Even amongst patients who have recovered from mild Covid-19, symptoms like cough, low grade fever and fatigue persist or relapse in the long term. Other symptoms reported include shortness of breath, chest pain, headaches, neurocognitive difficulties, muscle pains and weakness, gastrointestinal upset, rashes, metabolic disruption, thromboembolic conditions, depression and other mental health conditions. People with severe Covid-19 have to be treated in a hospital's intensive care unit, with mechanical assistance such as ventilators. Simply surviving this experience can make a person susceptible to post-traumatic stress syndrome, depression and anxiety. To assist patients with post Covid recovery, several hospitals are now setting up post Covid OPDs and Clinics.
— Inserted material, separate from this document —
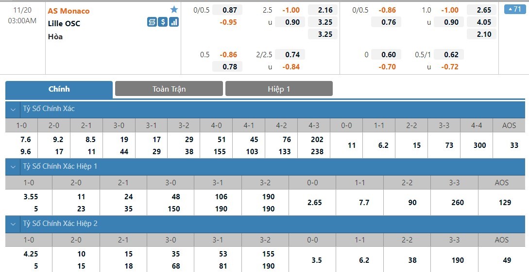 Tỷ lệ kèo cá cược bóng đá trực tuyến trận AS Monaco vs Lille OSC
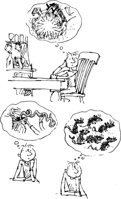 Пока Джордж сидел и размышлял над этой увлекательной задачей, взгляд его упал на пузырёк с бабушкиным коричневым лекарством. Наверняка жуткая дрянь. Четыре раза в день бабушке вливали в рот полную ложку этой гадости — и не похоже, чтобы от этого был хоть малейший прок. После приёма лекарства старая гиена оставалась такой же гнусной, какой была до того. Смысл-то лекарства в чём? В улучшениях. А если всё остаётся как было, значит, никакой пользы от лекарства нет.

The extent and severity of long term respiratory complications from this infection is still to be determined but emerging data suggests that persistent respiratory symptoms are experienced months after the initial illness. It is theorized that majority of the pathways associated with Covid-19 might trigger lung fibrosis and damage thereby making it important to monitor the health status of recovered patients. In China, amongst a cohort of 55 patients who were followed up with post recovery from Covid-19, abnormalities of pulmonary function and chest radiography were observed in three quarters of them even 3 months after discharge.
These respiratory complications following Covid-19 may cause substantial morbidity, and optimal management remains unclear. Meanwhile, a pragmatic approach proposed includes first line investigations such chest radiography and oxygen saturation measurements, with referral to secondary care where lung pathology needs investigation. The British Thoracic Society has issued a guidance for primary post Covid care. Patients who were not admitted to intensive care but have had a significant respiratory illness can do a chest X-ray at 12 weeks as a follow-up. For those with new and progressive symptoms or evidence of lung damage through constant abnormalities in chest X-ray and oximeter readings, referral to a specialist is recommended.
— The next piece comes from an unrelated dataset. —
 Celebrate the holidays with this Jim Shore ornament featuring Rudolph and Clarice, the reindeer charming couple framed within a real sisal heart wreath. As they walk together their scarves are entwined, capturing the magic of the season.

About 80% of our breathing work is done by the diaphragm. After illness or general deconditioning, the breathing pattern may be altered, with reduced diaphragmatic movement and greater use of neck and shoulder accessory muscles. This results in shallow breathing, fatigue, breathlessness and higher energy expenditure. Breathlessness tends to reduce with breathing exercises. Pulse oximeters may be useful for assessing and monitoring this. Chest pain is also common in post-acute Covid-19. Whether this chest pain is originating from the muscles in the chest or could be due to an underlying cardiac problem (which can be more serious) needs to be differentiated.
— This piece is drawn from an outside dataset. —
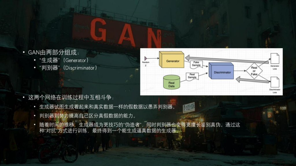 我首先会讨论一下在前几年比较流行的一类生成模型——生成对抗网络(StyleGAN)。这个词可能在一些论文里会出现比较多,因为现在大家日常用的是扩散模型(Diffusion Model)以及扩散模型的一些变体,但是“扩散模型”这个词写在文章里感觉就不是那么亮眼,而“生成对抗网络”这个词写出来就很好看,尽管它的名字是很技术性的。那我们来看一下什么是生成对抗网络。它包含两部分:生成器(Generator)和判别器(Discriminator)。生成器的功能就是不断地生成一张图,然后判别器就会来分辨这张图是AI生成的假图,还是一张人类真实数据里的照片。当判别器做出正确判断以后,生成器会接着进化,直到生成的图或者结果非常接近真实的数据,让判别器判别不出来的时候。这时二者间所谓的对抗或者说博弈就到达了一个平衡点,那么这个模型就已经被训练为比较完善的状态,这是生成对抗网络的一个特点。

Those who have had a significant respiratory illness may benefit from pulmonary rehabilitation that comprises multidisciplinary intervention based on personalised evaluation and treatment, which includes but is not limited to exercise training, breathing techniques, health education and behaviour modification designed to improve the physical and psychological condition of people with respiratory diseases. In the context of Covid-19, rehabilitation can be delivered through various virtual models, including online classes and home education booklets with additional support over the phone. Cipla is planning to support a post Covid seva helpline for patients recovering from mild-to-moderate infection.
The understanding of post Covid sequelae is a work in progress. And longitudinal studies on larger cohorts will play a key role towards understanding the in-depth prognosis as well as the pathogenesis of Covid-19 and arriving at conclusive and appropriate therapeutic approaches to rehabilitate patients and prevent persisting impact post recovery.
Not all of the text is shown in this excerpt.